Acquittement de Gbagbo et Blé Goudé à la Cpi: Les trois grands griefs que fait Fatou Bensouda aux juges

La procureure de la Cpi Fatou Bensouda
La procureure de la Cpi Fatou Bensouda
La procureure de la Cpi Fatou Bensouda

Acquittement de Gbagbo et Blé Goudé à la Cpi: Les trois grands griefs que fait Fatou Bensouda aux juges

Le 22/06/20 à 18:14
modifié 22/06/20 à 18:14
La Cpi poursuit aujourd’hui l’examen des observations orales dans l’appel contre l’acquittement de l’ex-président Laurent Gbagbo et de l’ex-leader des jeunes « patriotes » Charles Blé Goudé. Cette reprise du procès est prévue pour s’achever demain.
Rendu le 15 janvier 2019 par la chambre de première instance I, l'acquittement a fait l’objet d’un appel de la part de la procureure Fatou Bensouda qui dénonce un jugement entaché « d’erreurs de droit ».
Les juges de première instance ont-t-ils commis une erreur de droit en acquittant MM Gbagbo et Blé Goudé ? Pour l’accusation, c’est oui. D’abord, elle reproche aux juges d’avoir examiné les preuves de l’accusation avec des procédés différents.
« Il semble que les juges de la majorité ont utilisé des normes de la preuve différente (...) C’est comme si quelqu’un souhaite vous conduire sur une autoroute où il y a beaucoup de circulation. Cette personne ne peut pas voir bien. Donc elle utilise une pair de lunette avec le côté droit adapté à la myopie et le côté gauche adapté à la presbytie. C’est là que réside l’impact des erreurs des juges de la majorité », a tancé l’accusation.
« C’est une façon de mettre la charrue avant les bœufs. Car, on ne peut pas déterminer qu’il n’y a pas de preuves à la fin de la présentation des moyens à charges, sans d’abord préciser quelle norme de la preuve s’applique », a-t-elle poursuivi.
Ensuite, il est reproché à cette décision d’acquittement de violer l’article 74-5 des statuts de Rome. Cet article oblige la chambre de première instance à « fonder sa décision sur son appréciation des preuves et sur l'ensemble des procédures ». Dans cet esprit, l’acquittement doit consacrer un verdict final. Ce qui ne serait pas le cas.
Enfin, la chambre de première Instance de la Cpi est accusée de n’avoir pas produit de « motivation complète » pour justifier l’acquittement du 15 janvier 2019.
« Des larges pans du raisonnement n’ont été rédigés qu’après l’acquittement des accusés », dénonce le conseil de la procureure Fatou Bensouda. En effet, c’est seulement en juillet 2019, soit six mois plus tard après l’acquittement, que les juges ont déposé un exposé détaillé écrit des motivations de leur jugement.
Un jugement qui, pour la représentante des victimes Massida Paolina, est d’ailleurs un « déni des souffrances des victimes » parce qu’il « n’est pas cohérent avec les droits humains internationalement reconnus ».

Sans surprise, la défense a hardiment tenté d’invalider les arguments de l’accusation. « La procureure n’a pas été à mesure de démontrer l’existence des charges alléguées (...) Elle a eu la plus grande marge de manœuvre et la plus grande liberté pour présenter son dossier comme elle l’entendait », a estimé Dov Jacob’s, l’un des avocats de Gbagbo.
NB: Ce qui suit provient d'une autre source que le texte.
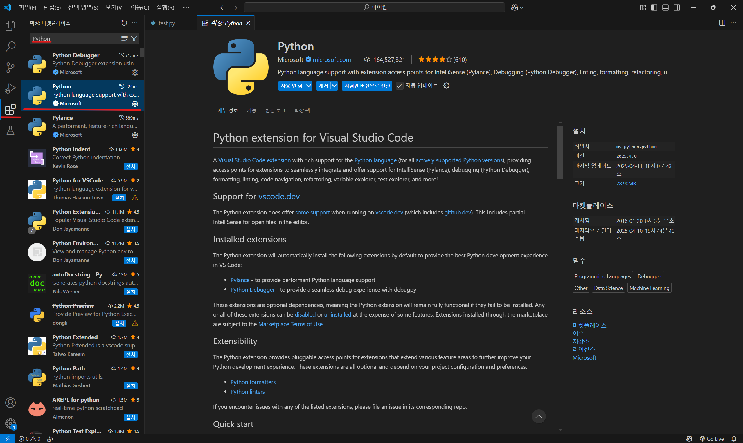 ์ผ์ชฝ ๋ฐ์ ํ๋ฌ๊ทธ์ธ์ ๋๋ฅด๊ณ Python์ ๊ฒ์ ํ ์ค์น๋ฅผ ์งํ ํด์ฃผ๋ฉด ๋๋ค.
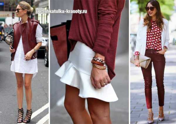 Сочетание бордового с белым выигрышно для обоих цветов. Такая комбинация усиливает глубину, насыщенность бордо, подчеркивает безупречность, праздничность белого. Наряд будет умеренно праздничным для офиса и изысканным, ярким для вечеринки. Гармоничным будет комплект, содержащий оба цвета в равных пропорциях.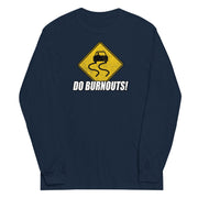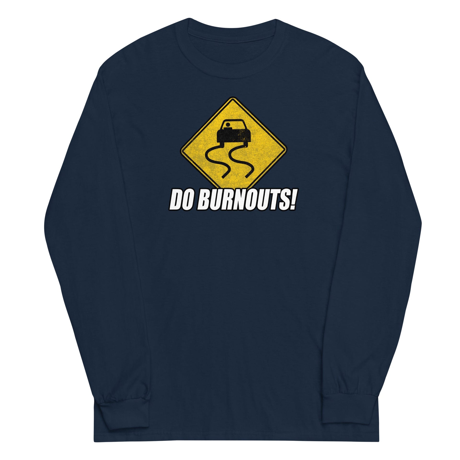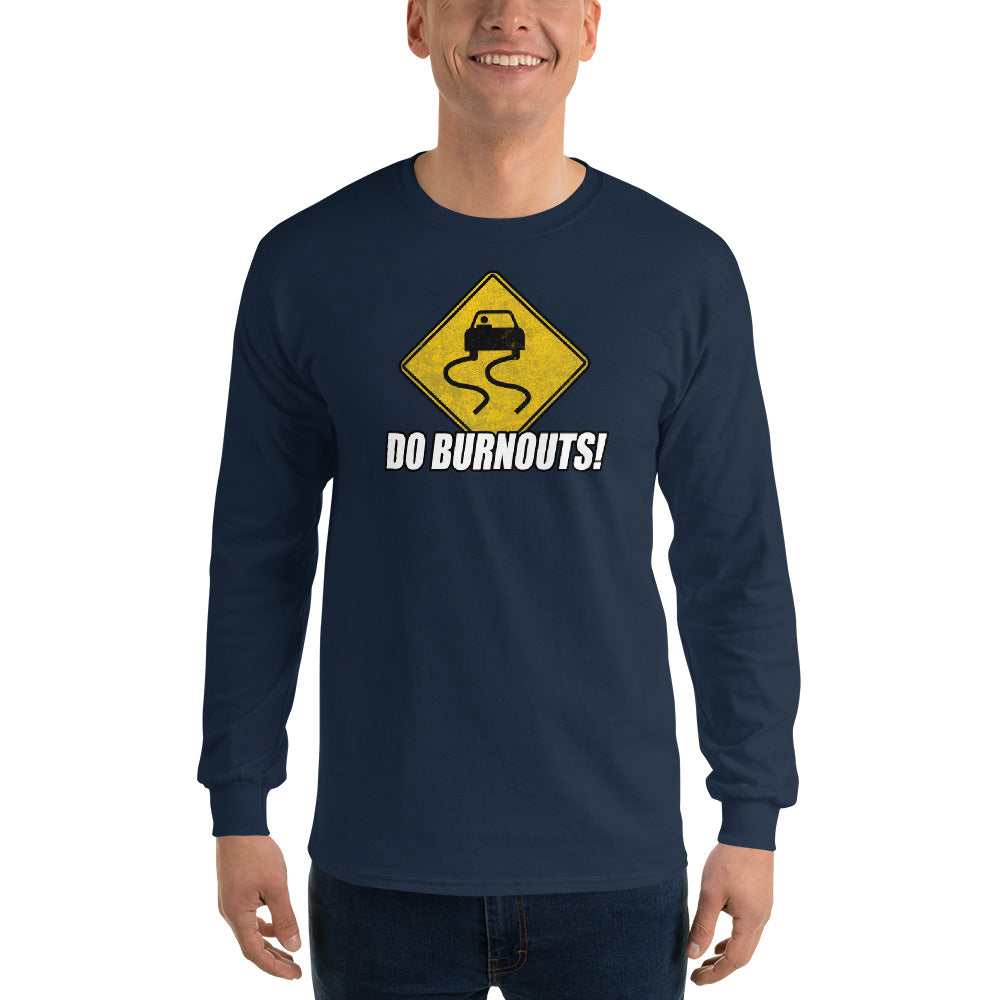Ignite a spark of humor and automotive passion with our Burnout Sign Funny Car Guy Long Sleeve Shirt. This unique piece captures the thrill of the ride and the cheeky spirit of car culture, making it a perfect choice for anyone who lives life a quarter mile at a time. Featuring the universally recognized wet slippery road sign with a twist, the command "DO BURNOUTS!" invites smiles and nods of agreement from fellow enthusiasts.

Dov Jacob’s réfute l’argument de la représentante des victimes disant qu’elle n’a pas eu le temps d’interroger les victimes. Pour lui, Me Massida Paolina a plutôt renoncé à interroger les victimes.
Si la défense semble reconnaître qu’il n’y a pas de disposition des statuts de Rome applicable de manière claire et automatique à la situation d’un accusé acquitté et dont le procès se poursuit, elle trouve « logique » néanmoins qu’une personne acquittée soit mise hors de cause et libérée définitivement.
Deux hypothèses s'affrontent. Soit l’acquittement est confirmé en appel. Alors les deux accusés sont définitivement libérés et les charges abandonnées. Soit, les griefs de Fatou Bensouda aboutissent. Et alors, une reprise du procès est passible contre MM Gbagbo et Blé Goudé. Ceux-ci sont accusés de crimes de guerre et de crimes contre l’humanité dans ce procès ouvert en 2014, après la crise post-électorale de 2010-2011 qui a causé plus de 3000 morts en Côte d’Ivoire.
Blé Goudé était présent à l’audience d’hier. Laurent Gbagbo y a pris part par visioconférence.L’ audience s’est ainsi déroulée, en partie, virtuellement, en raison de la situation de crise sanitaire causée par la pandémie du Coronavirus.